Я не отнимал у него этого триумфа in artlculo mortis,[19] не лишал этой почти посмертной иллюзии, будто он растоптал всю землю. Пока он хвастался, развиваясь в отвратительной агонии, я невольно вспоминал истории, какие о нем ходили во времена его расцвета, когда в течение года судно джентльмена Брауна вертелось у островка, окаймленного зеленью, где на белом берегу виднелась черная точка — дом миссии; спустясь на берег, джентльмен Браун старался очаровать романтическую женщину, которая не могла ужиться в Меланезии. Мужу ее он казался подающим большие надежды обратиться на путь истинный. Было известно, что бедняга миссионер выражал намерение склонить «капитана Брауна к лучшей жизни».

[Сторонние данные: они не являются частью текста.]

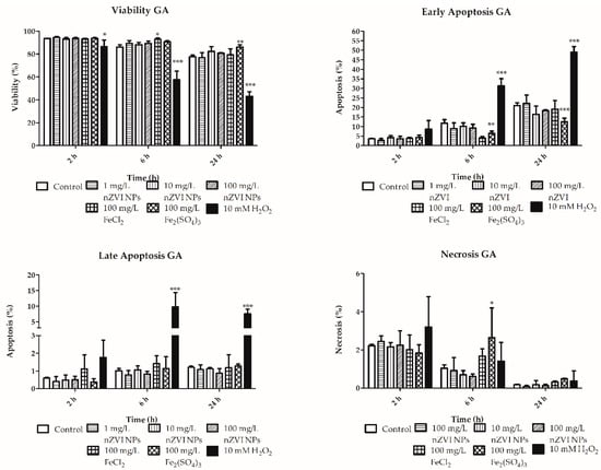 Viability, early and late apoptosis, and necrosis of granular amoebocytes (GA) after exposure to nZVI NPs, FeCl2 and Fe2(SO4)3 for 2, 6 and 24 h; 10 mM H2O2 was used as a positive control; * p < 0.05, ** p < 0.01, *** p < 0.001.
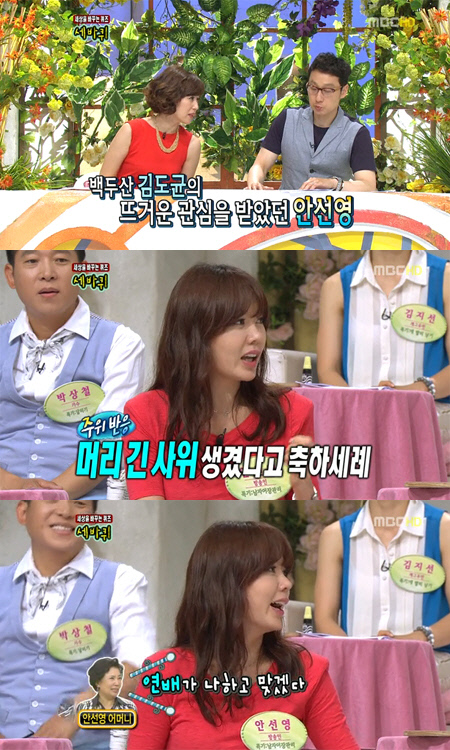 방송인 안선영이 백두산 김도균과의 러브라인에 대한 어머니의 반응을 공개했다.
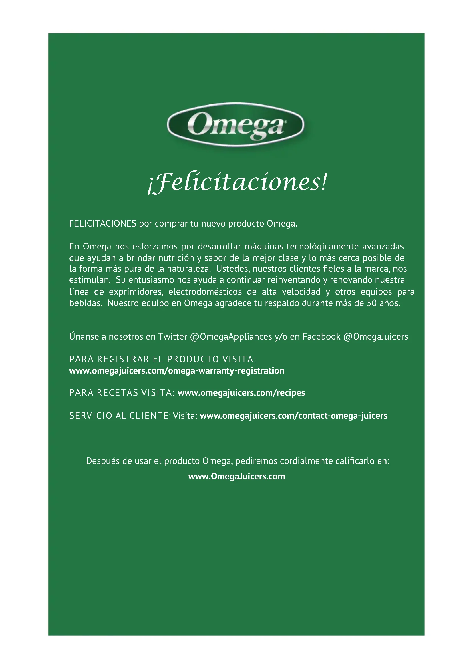 - Si cae aceite vegetal o animal en la barrena o la criba para jugo, el desempeño del extractor de jugo puede ser afectado y pueden dañarse las piezas. CONTÁCTANOS: En línea: www.OmegaJuicers.com/contact-omega-juicers76 ESPECIFICACIONES Denominación del modelo Serie MMV700 Voltaje nominal 120 V Frecuencia nominal 60 Hz A 2 Motor 240 W Peso 14.77 lb (6.7 kg) Dimensiones del producto 8.5” (217 mm) de ancho Profundidad: 6.37” (162 mm) Altura: 18.5” (469 mm) También disponible en versión internacional 220 V / 50-60 Hz MMV70277 NOTASDiscover the complete line of Omega brand professional products at: Découvrez la ligne complète de produits professionnels de la marque Omega sur : Descubre la línea completa de productos profesionales de la marca Omega en: www.OmegaJuicers.com Nourish Your Body Enrich Your Soul Alimentez votre corps Enrichissez votre âme Nutre tu cuerpo Enriquece tu alma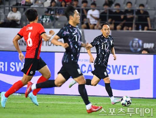 [용인(경기)=스포츠투데이 팽현준 기자] 11일 용인미르스타디움에서 열린 2025 EAFF E-1 챔피언십(동아시안컵) 대한민국과 홍콩의 경기, 후반 한국 문선민이 공격하고 있다. 2025.07.11. [스포츠투데이 팽현준 기자 sports@stoo.com]

«Спасал его во славу божию, — как выразился один кривой бродяга, — чтобы показать там, на небе, что за птица — торговый шкипер Тихого океана!»
И этот же Браун убежал с умирающей женщиной и рыдал над ее телом.
— Вел себя, словно ребенок, — не уставал повторять его помощник. — И пусть меня забьют до смерти хилые канаки, если я понимаю, в чем тут дело. Знаете ли, джентльмены, когда он доставил ее на борт, она была так плоха, что уже его не узнавала: лежала на спине в его каюте и не спускала глаз с бимса; а глаза у нее страшно блестели. Потом умерла. Должно быть, от скверной лихорадки…
Я вспомнил всю эту историю, когда, вытирая посиневшей рукой спутанную бороду, он говорил мне, корчась на своем зловонном ложе, как нащупывал больное местечко у «этого проклятого парня». Джима нельзя было запугать (он с этим соглашался), но ему открывался путь пролезть в душу Джима — в душу, «которая не стоила и двух пенсов». Ему дана была возможность «вывернуть эту душу наизнанку».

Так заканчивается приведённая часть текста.